Other examples of important licenses to obtain are water boiler standards licenses, scaffolding consent and oil and gas safety. All of these licenses must be obtained before you start works. If the works you carry out do not meet standards, then chances are your company will be flagged, checked, and if you don’t have those licenses, you can kiss goodbye to your business for good.
Some examples of regulations include standard building regulations, and these are commonly controlled by local councils or authorities. There are safety regulations too, such as ensuring that your workers have ample protection to their bodies and that they understand how to use power tools and other DIY equipment that could be dangerous to them or those around them.
Finding the Right Employees
As with any business, employees are necessary. If you plan to have a very generalized construction business that takes on a variety of different contracts, then you’ll have to hire a range of different employees to meet all of those needs. For instance, you might need plumbers to handle waterworks, an electrician to reroute wiring if it is needed and painters to add the finishing touches to a job.
Don’t forget that you also need employees to handle your office.
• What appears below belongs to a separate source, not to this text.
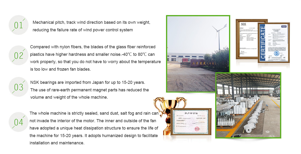 The company is committed to 200W-30KW wind turbines and complete sets of equipment. After years of continuous improvement and improvement of the company's products, the company has been recognized by many countries and regions in the world.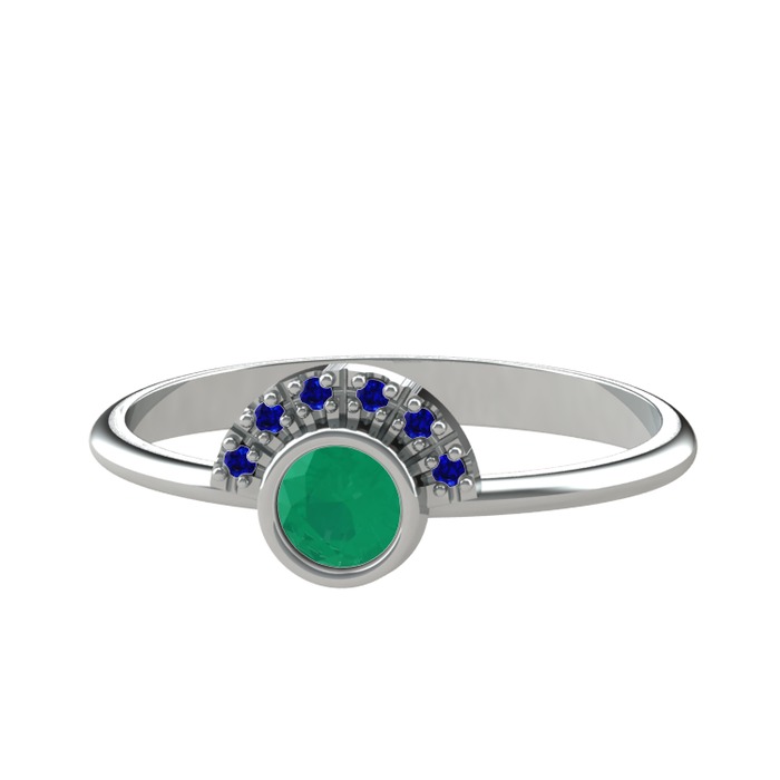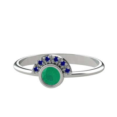Kök zümrüt ve lab safir 14 ayar beyaz altın yüzük

Customer service experts and accountants are must-have hires once you start taking in regular contracts, and a human resources manager is a great asset when it comes to managing your workloads and splitting up your workforce should you have enough manpower to take on several jobs at once.
You might also consider outsourcing some works. For example, if you don’t need to hire an electrician due to how infrequently you deal with electricity and wiring, you could always contact a specialized electrician to do the works for you. These costs are usually added to the bill for your client, but it’s always a good idea to let your client know about all the potential costs for a job if something is out of your scope.